To complement the GCTA analyses, we also applied ABPA (approximate Bayesian polygenic analysis) 66 to the Sweden + PGC results. Compared to GCTA, ABPA yielded somewhat larger but generally congruent estimates of variance in liability to schizophrenia using HapMap3 data: 0.43 for population risk of 0.01 (95% credible interval 0.38-0.48) and 0.34 for population risk of 0.004 (95% credible interval 0.31-0.37).

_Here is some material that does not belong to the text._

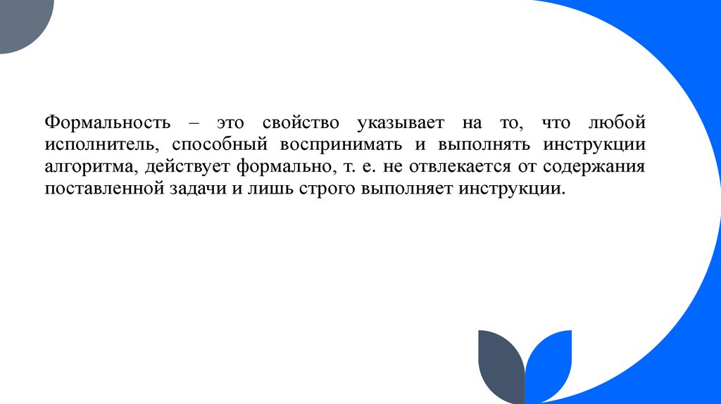 Формальность – это свойство указывает на то, что любойисполнитель, способный воспринимать и выполнять инструкции

The Bayesian framework used by ABPA also allows simultaneous estimation of the number of independent SNP loci that contribute to risk for schizophrenia. Here, we assume that the number of genome-wide significant SNP associations and the amount of variance they explain in the Sweden + PGC results reflect only partly the underlying genetic architecture of schizophrenia due to inadequate sample size. Using 1000 Genomes results for Sweden + PGC and assuming population risk of 0.01, we estimated that 8,300 independent SNPs contribute to the genetic basis of schizophrenia and that these SNPs account for 50% of the variance in liability to schizophrenia (95% credible intervals 6,300-10,200 for the number of SNPs and 0.45-0.54 for total variance explained). We stress that these estimates must be interpreted in the context of the assumptions of ABPA and the strengths and weaknesses of the input data. Additional analyses (not shown) indicate that most of the signal was derived from SNPs with allele frequencies > 0.1; low-frequency imputed SNPs were not generally inferred to be associated with schizophrenia. Figure 3 compares ABPA estimates of the genetic architecture of schizophrenia and four biomedical diseases. 66 There are similarities across the estimates for these complex traits as all are relatively highly polygenic, and common SNPs explain substantial proportions of variation. However, these results suggest that the genetic architecture of schizophrenia is left-shifted with greater numbers of SNPs with smaller effects.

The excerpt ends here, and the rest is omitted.